Everyone knows what heroism is, but describing it can be difficult. Gallantry,
valor, bravery, and courage are all traits normally associated with heroism. For
the people who risk or sacrifice their own lives in an acts of selflessness,
these words are accurate in describing heroism. Few would dispute that a person
who pulls another from a burning flipped-over car ready to explode does show
heroism. The news media is always looking for acts of heroism as they make for
captivating news. Just recently, a fourth grade boy grabbed the wheel of a
school bus after it was involved in an accident. This boy may have saved the
lives of the children loaded on the school bus by preventing the bus from
careening out of control.
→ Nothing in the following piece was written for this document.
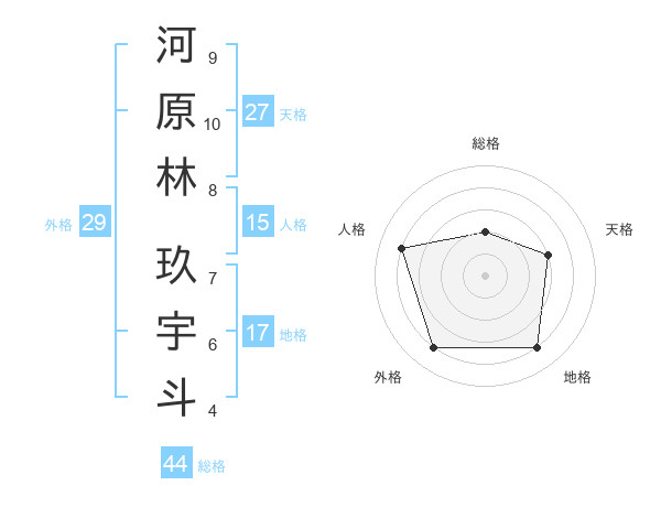 河原林 玖宇斗さんを姓名の画数から五運を鑑定

Because of the unusual circumstances of this incident,
the media rightly focused on this child as a hero. Many other forms of heroism
do not fit this very succinct definition. The school teacher who has the rare
ability to turn students around and prevent them from throwing their lives away
is one example. Another example is the counselor who spends extra time and
transforms a drug addict into a useful person in society. The doctor, who has
the courage to stand up and yell child abuse when others are silent, is another
case. The people in these three examples all have one thing in common; they may
have saved a person’s life. The student who does not study and turns to crime,
the drug addict who overdoses on drugs, the child that is delivered to a new
caring home, all had their lives saved by one of these unsung heroes. Many would
argue that these heroes do this as part of their job and this is what they are
supposed to do. None of these saved lives would have happened without these
professionals showing heroism every day. It takes commitment, gallantry, courage
and sometimes bravery to step up and go a little further than normal. When
someone pulls a child from a burning house that person is called a hero. What
about the person who, rather than running into the house, runs to a telephone
and calls the fire department who, in turn, rescues everybody? Is this person
not a hero? If this person had not had the common sense to call the fire
department and rushed in instead, the results might have been different and
lives may have been lost. Sometimes being a hero does not involve risking one’s
own life, but not risking the lives of others. Many consider and call sport
superstars heroes. Does passing for a touchdown in the Super Bowl, hitting a
game winning home run, or making the winning shot in the NCAA tournament, make
someone a hero? Did they risk their own lives in helping others? Did they save
someone’s life from ruin? There may be several other terms to call these
superstars, but to call them heroes or to describe their actions as showing
heroism is ridiculous. They may do other deeds away from the sport that could
earn them this distinction, but on the playing field it is hard to imagine them
rising to the level of a hero. Heroism is shown in many varied situations. The
person who can make a split second decision to save someone is no doubt heroic.
What does this say about the person who has time to decide a course of action
and willingly helps someone? These types of heroes, the dedicated teacher,
foster parents, counselors and a myriad of other examples, may show the most
heroism of all by choosing to save a life. It is shameful that we do not
recognize these people more often and have these stories told by the media and
peers. They may be the greatest heroes of all.